I deleted everything in the LD_LIBRARY_PATH
. Then I only added
/usr/lib/x86_64-linux-gnu
. The Libdl
path for libcuda
still returns "/usr/local/cuda/lib64/stubs/libcuda.so"
. I assume it should return the path I gave to LD_LIBRARY_PATH
? How can I change this? (I really appreciate your patience with me!)
Check /etc/ld.so.conf
or the files in /etc/ld.so.conf.d
. You should not have to add /usr/lib/x86_64-linux-gnu
to LD_LIBRARY_PATH, it should already have an entry there. But more importantly, there should be no stubs
entry there. LD_LIBRARY_PATH could also be set in /etc/profile
or /etc/profile.d/*
, or in a variety of places in your home folder (.bashrc, .profile, etc).

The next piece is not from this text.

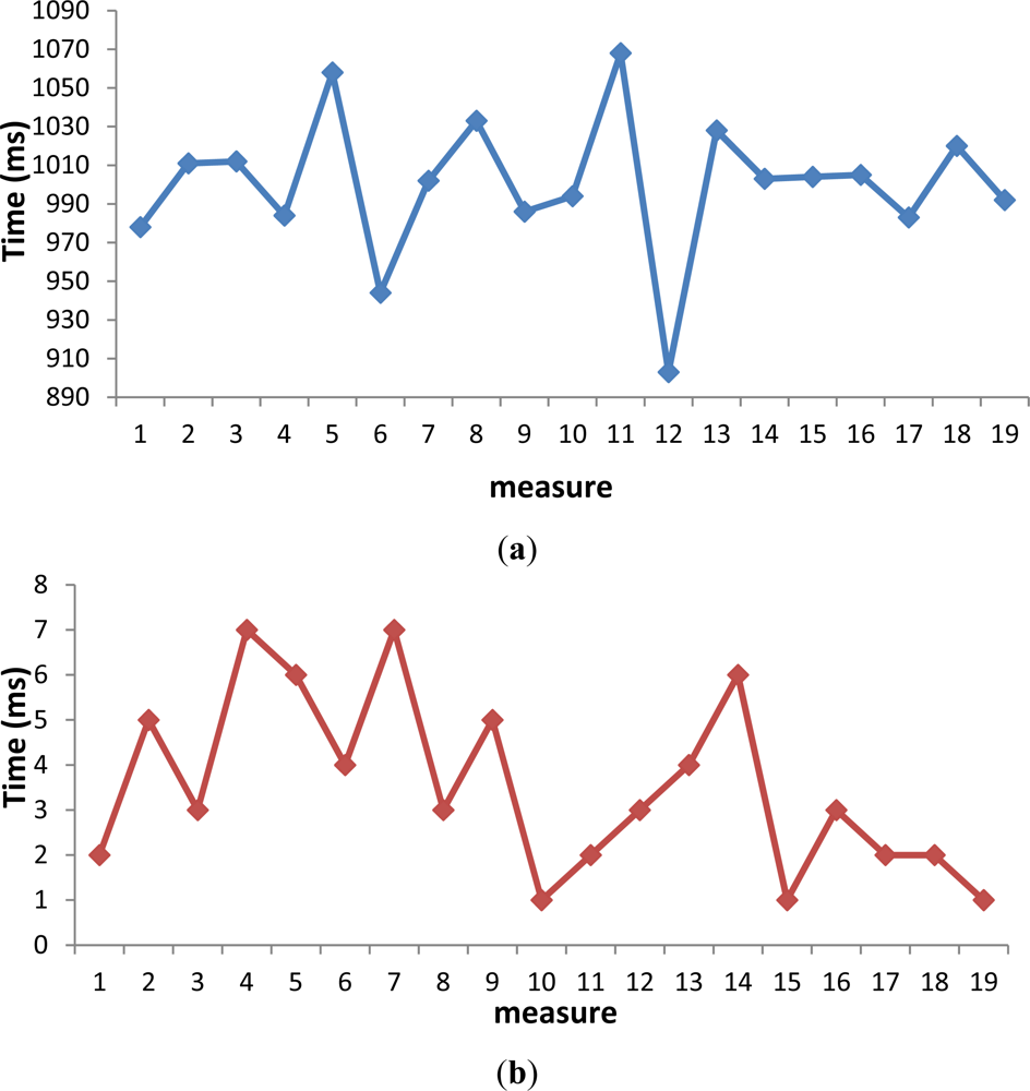 We measured the values of TGPS using a satellite (we do not use the combined method of GPS and WiFi). The minimum time spent in scanning the GPS value was 903 ms and the maximum value was 1,068 ms. The mobile phone scanned different sets of 19 values with similar results. The average value was 1,000 ms. That is, the time needed to scan the GPS value is 1 s. This is a bigger value than 40 ms. This means some images must be tagged with the same GPS value. The TRGPS is insignificant compared with the TGPS due to its values are in the interval from 1 ms to 7 ms, with an average value of 3.5 ms. In Figure 11 (a,b) are shown these sets of values.

I added the path manually in .bashrc
. I then restarted and now Libdl
finds the library correctly and the examples all work. Thank you sir for your patience. I really appreciate it.
Thanks @Mehrdad_Esfahani and @maleadt for this post. I helped my resolve the exact same problem on my system! I added this line to my .bashrc
to remove the stubs:
export LD_LIBRARY_PATH=`echo $LD_LIBRARY_PATH | tr ":" "\n" | grep -v "stubs" | tr "\n" ":"`
By the way - would it be possible for CUDA.jl
to automatically ignore the stub and use the real library instead?